И вот тут-то в голове, наконец, сощелкнулось — точно такие же глаза были у Риддла-из-дневника!
Только вот это мальчик не был похож не то что на Тёмного Лорда — он даже на красавца-старосту со Слизерина похож не был. Скорее уж, на жертву концлагеря.
«Или на детдомовца начала века», — внезапно осенило меня.
Заметив слёзы, стоявшие в глазах детской копии моего смертельного врага, я невольно проникся к нему глубоким сочувствием, почему-то даже не задумавшись, что же мелкий Риддл делает в моем сне.
Слитным движением я перекатился с колен на пальцы, а затем выпрямился, одновременно подаваясь вперед и, оперевшись на колено, перетек в кресло, заключая юного Волдеморта в крепкие объятия.

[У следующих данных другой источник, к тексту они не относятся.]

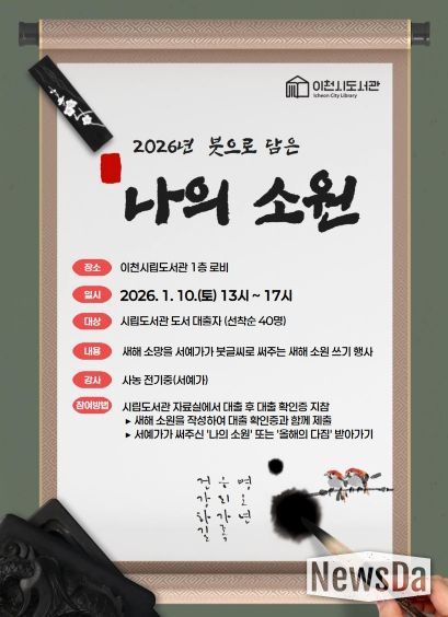 뉴스다 최광묵 기자 | 이천시립도서관은 2026년 병오년 새해를 맞아 시민의 한 해 소망과 다짐을 서예가가 붓글씨로 써주는 '2026년 붓으로 담은 ‘나의 소원’' 행사를 오는 1월 10일 오후 1시부터 5시까지 시립도서관 1층 책마당 로비에서 운영한다.

Мальчишка, кажется, сначала опешил от такого к себе отношения, но потом уткнулся носом мне в грудь и расплакался, цепляясь тонкими пальцами за рубашку и периодически неприятно прихватывая кожу.
Поначалу я не заметил, что лёгкая, едва заметная боль от детских ногтей превратилась по что-то более серьёзное. Но когда я попытался отстранить от себя риддловскую руку, чтобы избавиться от неприятного ощущения, то с ужасом заметил, что пальцы Волдемортыша уже почти на фалангу погрузились в моё тело, а по его рукам текли ручейки крови.

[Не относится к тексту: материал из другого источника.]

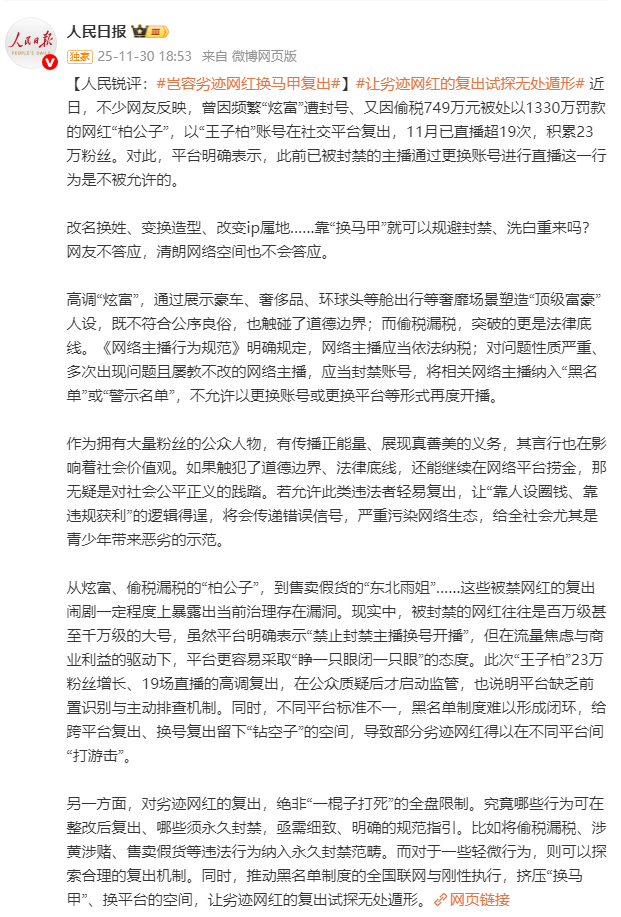 近日,不少网友反映,曾因频繁“炫富”遭封号、又因偷税749万元被处以1330万罚款的网红“柏公子”,以“王子柏”账号在社交平台复出,11月已直播超19次,积累23万粉丝。对此,平台明确表示,此前已被封禁的主播通过更换账号进行直播这一行为是不被允许的。

В то же мгновение я отскочил от Риддла, оказавшись как раз на границе освященного пространства. На месте же измученного ребёнка сидел маленький монстр с перепачканными кровью пальчиками, горящими багровым огнём глазами и дикой, звериной ухмылкой на бледном лице.
— Пожалуйста, умри для меня, — прошипело это существо, а я предположил, что это все всего лишь ещё один насланный Волдемортом кошмар. Нужно было лишь постараться проснуться, чтобы сбросить это наваждение. Но сон казался слишком реальным, чтобы так просто от него избавиться.
И тут мне почему-то вспомнилось, как я развлекался в осознанных сновидениях: от полета без метлы до изменения окружающего мира. Мне пришло в голову, что подобные навыки вполне можно было бы использовать против Волдеморта. Как-никак, это мой сон, и никто, кроме меня, не властен над ним.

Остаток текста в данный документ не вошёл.